Franziska Lautenschläger (Photo: Iris Maurer)

What inspired you to become a scientist?

Definitely my family. My dad has a degree in science, my mum is a mathematician and my older sister is also into mathematics. I am the youngest one in the family and I remember these Sunday morning breakfast table discussions: discussions about God, statistics and throwing dice, and my sister asking about probabilities and statistical changes if there was a lead worm crawling inside the dice. I certainly was emerged into science back then – totally not understanding what they were talking about! However, now I am the only professor out of all of us!

Besides your postdoc in Paris, you spent a year in Quebec during high school and you also studied in Toulouse. Do you have a particular interest in French?

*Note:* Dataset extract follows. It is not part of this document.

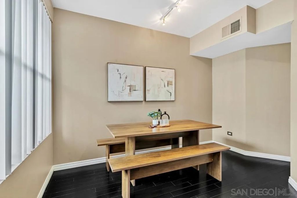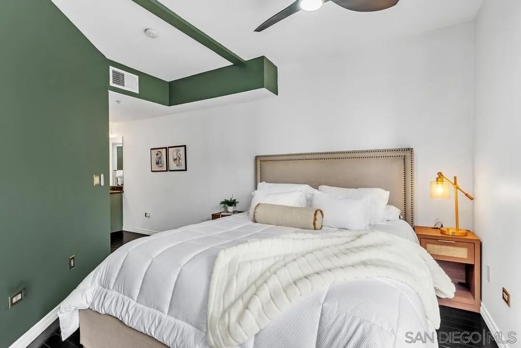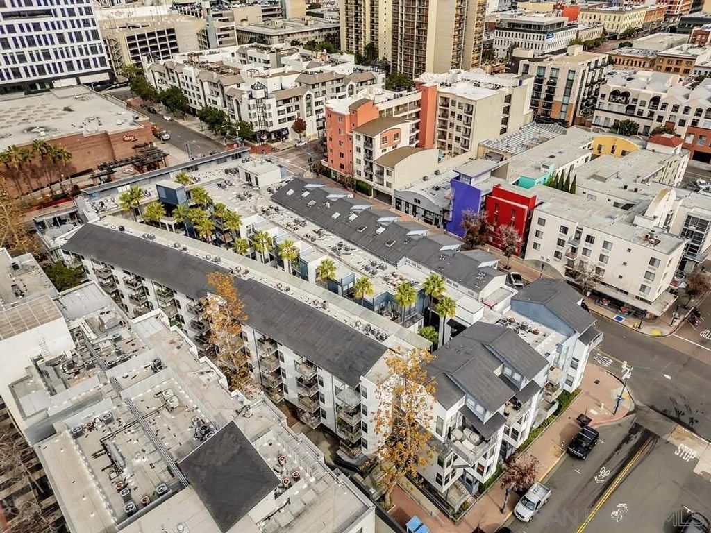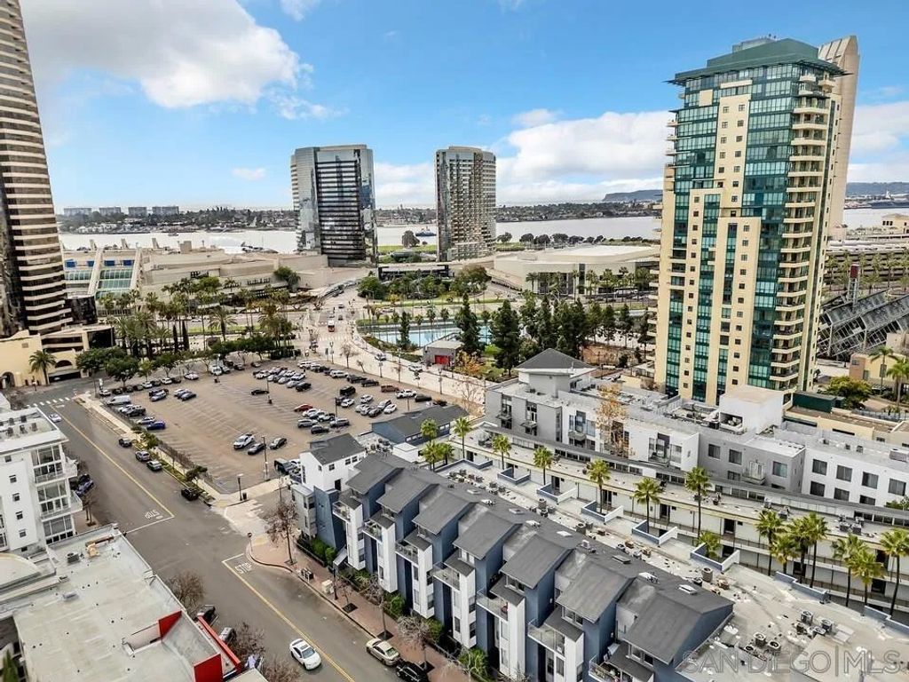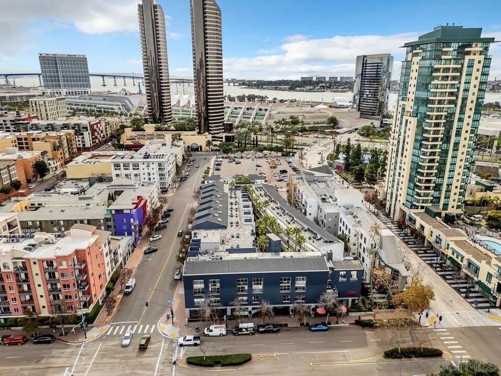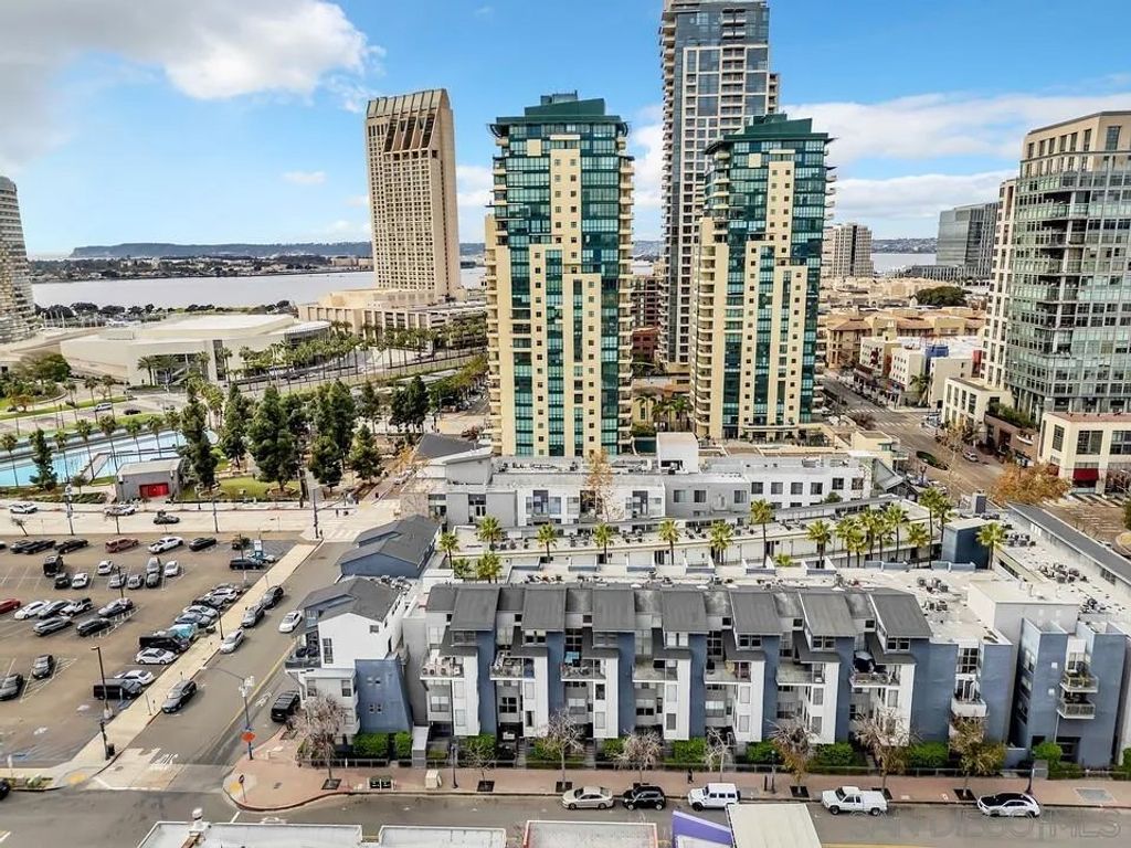 Welcome to a rare ground-level townhome-style residence offering privacy, modern style, and the ultimate Downtown San Diego lifestyle in the heart of the Marina District. Just steps from the waterfront, Seaport Village, the Gaslamp Quarter, Petco Park, and the Convention Center, this location puts you in the center of everything downtown has to offer. Trendy interior paint and updated finishes create an inviting contemporary feel throughout. The open living space flows seamlessly from the living area to the kitchen, ideal for entertaining and everyday living. A small personal outdoor patio offers the perfect spot to enjoy morning coffee or evening relaxation. A half bathroom downstairs and full sized in home laundry add convenience. Upstairs are two spacious primary suites, each with an attached bathroom and walk in closet. Both offer views of downtown, and one features a dedicated nook perfect for a home office or reading space. Wood flooring and granite counters complete the modern design. A standout feature is the rare opportunity for two gated garage parking spaces, a true luxury in Downtown San Diego condo living. The Atria community offers secure access, a gym, business center, computer room, and rooftop deck with BBQ and fire pit. Broker and Broker Agents do not represent or guarantee the accuracy of the square footage, permitted or unpermitted space, bd/ba count, lot size/dimensions, schools, or other information concerning the conditions or features of the property. Buyer is advised to independently verify the accuracy of all information through personal inspection & with appropriate professionals to satisfy themselves.

Absolutely. I was really interested in French and French-speaking countries before I came to Cambridge, where I suddenly had to work on my English. My curiosity was just reflective of a general interest in the world and how people behave differently and which different customs they have. I really enjoyed that a lot in my life. There comes a moment when you don't want to travel so much anymore, which has certainly arrived for me, but I have very much enjoyed the time when I did, and I would recommend it to everyone. Actually, here in Saarbrücken you have to have a French-speaking person in all institutions like kindergarten, and my research group is composed of several French people, so the connection still is very much there!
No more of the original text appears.